When you finish all the steps of the project, post a link to your blog post in the designated forum thread. I will then be able to endorse you on LinkedIn for the skills you demonstrated in this project: Python, Event-Driven Programming, and AWS. (You’ll also be entered to win some cool swag!)
This challenge will remain available indefinitely, but to get endorsed on LinkedIn and win swag, you need to link your blog post on the forum by October 15, 2020.
Most importantly, the #CloudGuruChallenge is FREE and available to everyone; all you need is an ACG free-tier membership to make your forum posts.
Be prepared to do some Googling, but if you are an ACG member, here are some resources that can help you get more comfortable with Python and event-driven programming:
Introduction to Python Development (16-hr course)
Using Python for Data Management and Reporting (6-hr course)
Building a Full-Stack Serverless Application on AWS (8-hr course)
You do not need to perform these additional steps to “declare victory” on the challenge, but they will help your project stand out and provide awesome additional learning.
- Create a CI/CD pipeline for your ETL pipeline using GitHub Actions, AWS CodePipeline, or a similar service. Your goal should be to have your Python code and infrastructure update in AWS whenever you push a change to your source control repository.
- Add a “smoke test” to your CI/CD pipeline that downloads a sample CSV file, runs transformations on it, and stores it in the database, then verifies that the correct message is posted to SNS. Find a way to do this without affecting the “production” data from the normal daily job runs.
- Figure out a way to create a dashboard that updates in real time!

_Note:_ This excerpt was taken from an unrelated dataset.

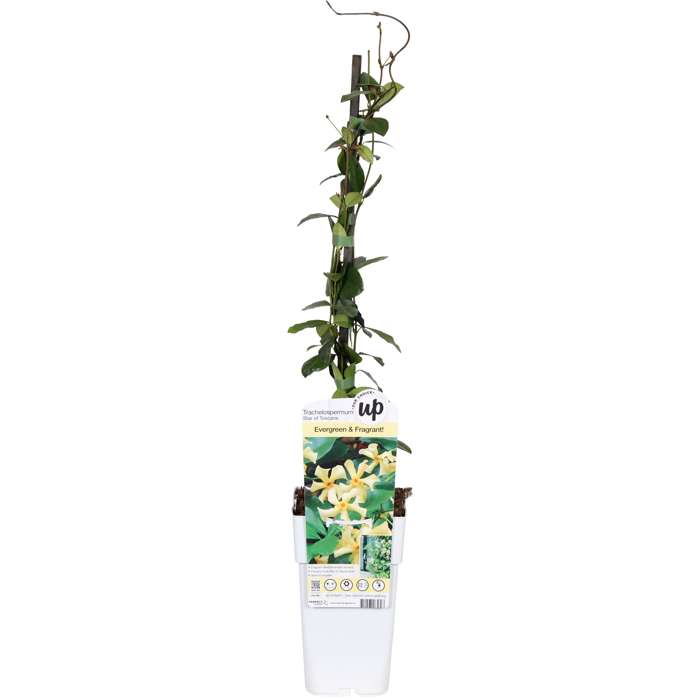 Trachelospermum Star of Toscana‘ wird wegen seiner zartgelben, sternförmigen Blüten auch Sternjasmin genannt. Sie ist eine mediterrane, immergrüne Kletterpflanze und bis -10˚C winterhart. Die üppige Blütezeit dauert von Anfang Juni bis Ende August. In dieser Zeit verbreiten die Blüten einen herrlich süßen Duft. Die Kletterpflanze hat ovale, dunkelgrüne Blätter und braucht für ein gutes Wachstum die Unterstützung eines Klettergerüsts oder Zauns. Die neuen Zweige dieses Sternjasmins rollen sich schön entlang eines Maschendrahtes oder Zauns auf. Der beste Platz ist in der Sonne bis zum Halbschatten und außerhalb des Windes. Sternjasmin kann in normalem, nährstoffreichem Boden in die Erde gepflanzt werden. Sternjasmin wächst auch gut in einem großen Topf auf der Terrasse oder dem Balkon. An einem sonnigen Platz kann sie auch als Bodendecker verwendet werden. Die Kletterpflanze kann Trockenperioden recht gut überstehen, aber in heißen und trockenen Perioden können Sie ihr zusätzlich Wasser geben. Ein Rückschnitt ist nur notwendig, um die Pflanze in die richtige Form zu bringen. Am besten ist es, dies im zeitigen Frühjahr oder nach der Blütezeit zu tun. Sternjasmin wächst relativ langsam und es dauert einige Jahre, bis er seine maximale Höhe erreicht.

Note that you are welcome to adjust the specific data transformations and data fields suggested if you have an idea for a more interesting visualization. Feel free to be creative!
This challenge might seem a bit less than flashy at first glance. After all, it’s literally just taking some data from somewhere, combining it with some other data, and then storing it somewhere else. But data manipulation like this is a really common, practical problem that cloud professionals work on! And all the squishy edge cases — what happens if the external data format suddenly changes? — lead to some powerful complexities.
Get through this, and you’ll have a great story to bring up in your next job interview. And I guarantee your hiring manager will start thinking of a story or two of their own.